Before we heard the news that Donald Trump’s ‘beloved’ Republicans in the Senate were going to possibly delay the proposed tax cuts, which sent US stocks down, I was set to explain why our stock market beat the 6000 level on the S&P/ASX 200 index this week and then powered higher.
Needed a win
One of the reasons was always going to be that there are US tax cuts coming sooner rather than later because the unpopular Donald Trump needs a big win before the mid-term elections in October next year.
Dumb and dumber
The tax cuts are the Republicans best way to improve Donald’s and their ratings in the polls, so this delay possibility is a disaster and the Dow gave up 166 points pretty quickly on the news.
Start talking, Donald
For the sake of our stock market, our super funds and my listed SWTZ fund, which has gone up about 5.6% in recent weeks, I hope Donald can talk his buddies around to sticking to his plan to get the tax cuts passed before Thanksgiving on November 30.,
The knives are out
If he can’t win this one our stock market’s march up could come under pressure. Right now we’re being helped by the idea that tax cuts will make the US economy grow faster and encourage other countries to follow suit. This would help world economic growth at a time when the important global economies are growing in sync for the first time in a decade.

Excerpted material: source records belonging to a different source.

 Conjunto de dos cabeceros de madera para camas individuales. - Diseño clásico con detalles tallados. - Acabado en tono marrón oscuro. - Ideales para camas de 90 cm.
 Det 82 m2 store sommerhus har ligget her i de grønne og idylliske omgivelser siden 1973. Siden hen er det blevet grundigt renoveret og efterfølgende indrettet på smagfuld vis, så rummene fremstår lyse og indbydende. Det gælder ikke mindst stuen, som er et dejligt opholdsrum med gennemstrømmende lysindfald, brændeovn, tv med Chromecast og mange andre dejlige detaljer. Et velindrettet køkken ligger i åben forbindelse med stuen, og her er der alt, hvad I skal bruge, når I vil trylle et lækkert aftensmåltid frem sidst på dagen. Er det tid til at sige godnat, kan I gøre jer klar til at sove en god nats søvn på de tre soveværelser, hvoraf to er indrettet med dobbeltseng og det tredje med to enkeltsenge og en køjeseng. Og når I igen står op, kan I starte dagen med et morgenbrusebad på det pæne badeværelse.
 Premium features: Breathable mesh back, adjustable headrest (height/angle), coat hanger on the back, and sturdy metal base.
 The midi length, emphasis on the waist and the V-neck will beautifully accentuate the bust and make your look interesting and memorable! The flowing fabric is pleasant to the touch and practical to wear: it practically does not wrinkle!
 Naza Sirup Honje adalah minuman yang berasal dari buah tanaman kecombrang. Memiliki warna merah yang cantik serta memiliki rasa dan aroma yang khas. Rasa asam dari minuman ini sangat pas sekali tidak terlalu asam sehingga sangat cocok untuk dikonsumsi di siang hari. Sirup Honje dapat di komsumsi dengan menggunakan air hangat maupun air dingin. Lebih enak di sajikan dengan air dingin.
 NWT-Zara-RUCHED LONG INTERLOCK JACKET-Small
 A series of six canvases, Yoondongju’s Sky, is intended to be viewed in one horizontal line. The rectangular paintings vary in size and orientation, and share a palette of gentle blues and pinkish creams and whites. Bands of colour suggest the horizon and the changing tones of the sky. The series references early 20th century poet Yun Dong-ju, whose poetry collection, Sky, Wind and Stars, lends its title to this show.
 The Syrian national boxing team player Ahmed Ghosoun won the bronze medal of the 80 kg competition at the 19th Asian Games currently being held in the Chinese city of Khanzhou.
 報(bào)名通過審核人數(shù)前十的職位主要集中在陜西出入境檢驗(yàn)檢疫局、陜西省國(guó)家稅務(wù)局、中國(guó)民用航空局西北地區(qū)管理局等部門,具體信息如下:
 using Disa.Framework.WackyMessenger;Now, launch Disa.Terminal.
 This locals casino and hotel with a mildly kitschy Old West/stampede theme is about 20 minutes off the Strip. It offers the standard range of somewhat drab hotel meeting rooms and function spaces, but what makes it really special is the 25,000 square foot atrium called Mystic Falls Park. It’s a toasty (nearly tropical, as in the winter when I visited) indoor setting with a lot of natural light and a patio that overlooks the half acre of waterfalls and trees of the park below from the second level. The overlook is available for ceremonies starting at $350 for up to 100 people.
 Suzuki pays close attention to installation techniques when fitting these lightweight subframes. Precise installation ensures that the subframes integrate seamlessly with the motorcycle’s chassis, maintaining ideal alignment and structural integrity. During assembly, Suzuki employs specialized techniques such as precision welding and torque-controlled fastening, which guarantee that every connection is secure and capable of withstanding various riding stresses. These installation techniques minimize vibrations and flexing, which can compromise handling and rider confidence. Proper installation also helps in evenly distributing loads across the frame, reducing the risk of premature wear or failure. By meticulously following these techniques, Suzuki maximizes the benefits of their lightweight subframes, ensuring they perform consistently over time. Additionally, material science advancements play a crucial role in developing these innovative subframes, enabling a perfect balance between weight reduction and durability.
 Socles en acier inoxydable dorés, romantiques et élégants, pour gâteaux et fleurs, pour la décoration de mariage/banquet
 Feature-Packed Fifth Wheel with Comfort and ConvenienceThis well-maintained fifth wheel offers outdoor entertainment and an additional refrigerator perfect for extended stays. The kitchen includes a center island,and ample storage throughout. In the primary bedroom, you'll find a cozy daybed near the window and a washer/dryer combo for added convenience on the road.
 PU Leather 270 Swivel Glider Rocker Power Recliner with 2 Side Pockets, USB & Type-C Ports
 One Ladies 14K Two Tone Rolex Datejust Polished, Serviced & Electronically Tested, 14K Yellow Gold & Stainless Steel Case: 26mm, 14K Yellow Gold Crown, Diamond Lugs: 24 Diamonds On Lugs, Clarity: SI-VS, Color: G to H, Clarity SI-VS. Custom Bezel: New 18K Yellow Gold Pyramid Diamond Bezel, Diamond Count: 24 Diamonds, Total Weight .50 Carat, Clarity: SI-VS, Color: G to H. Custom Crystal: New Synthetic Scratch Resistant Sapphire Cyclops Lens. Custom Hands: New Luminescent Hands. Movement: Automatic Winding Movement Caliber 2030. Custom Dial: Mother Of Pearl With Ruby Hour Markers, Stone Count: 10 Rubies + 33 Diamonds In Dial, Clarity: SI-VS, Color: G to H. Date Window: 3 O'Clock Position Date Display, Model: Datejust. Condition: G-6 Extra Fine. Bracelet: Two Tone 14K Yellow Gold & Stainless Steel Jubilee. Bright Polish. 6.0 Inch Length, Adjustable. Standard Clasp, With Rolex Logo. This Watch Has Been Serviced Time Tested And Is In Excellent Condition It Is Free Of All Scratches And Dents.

This has helped commodity prices go higher, which has helped our miners and our overall stock market.
Staying right on track
And also assisting is a better outlook for the Oz economy, which the Reserve Bank alluded to on Cup Day. The big bank thinks there’s a ‘rekindling’ of good economic growth ahead in 2018 and I reckon the stock market’s reaction recently, which often reflects what smart investors think will happen in six months’ time, is an endorsement of the RBA’s view.
This week Craig James showed what has happened to our economy since the previous RBA meeting and it paints a pretty rosy picture. Let me share it with you:
Consumer prices rose by 0.6% in the September quarter and annual inflation fell from 1.9% to 1.8%
Underlying inflation is holding around 1.85%.
Employment rose by 19,800 in September; the jobless rate fell to a 4½-year low of 5.5%.
Home price growth slowed; national home prices were flat in October.
The Aussie dollar eased from US78 cents to US76.5 cents.
Business conditions remained near 9½-year highs.
New vehicle sales in October were the highest for any October month.
The trade surplus was at a record high of $19 billion for the year to September.
US unemployment fell to a 16-year low of 4.1% but average earnings were flat in October.
The Chinese economy grew at a 6.8% in the year to September.
Consumer confidence is holding near long-term averages.
Retail trade was flat in September; retail prices fell 0.4% in the September quarter.
Commercial building approvals were at record highs in the year to September.
Global oil prices rose to 2-year highs.
And there’s more…
I could add other pluses, such as building approvals in trend terms, up for the eighth straight month, economist are tipping better wage rises in 2018 and business profitability at a 9½-year high! I could go on but I think I’ve laid it on thick enough.
Politics for dummies
As you can see there are plenty of reasons for stock market optimism but I hope it’s not KO’d by the dummies in the US Senate!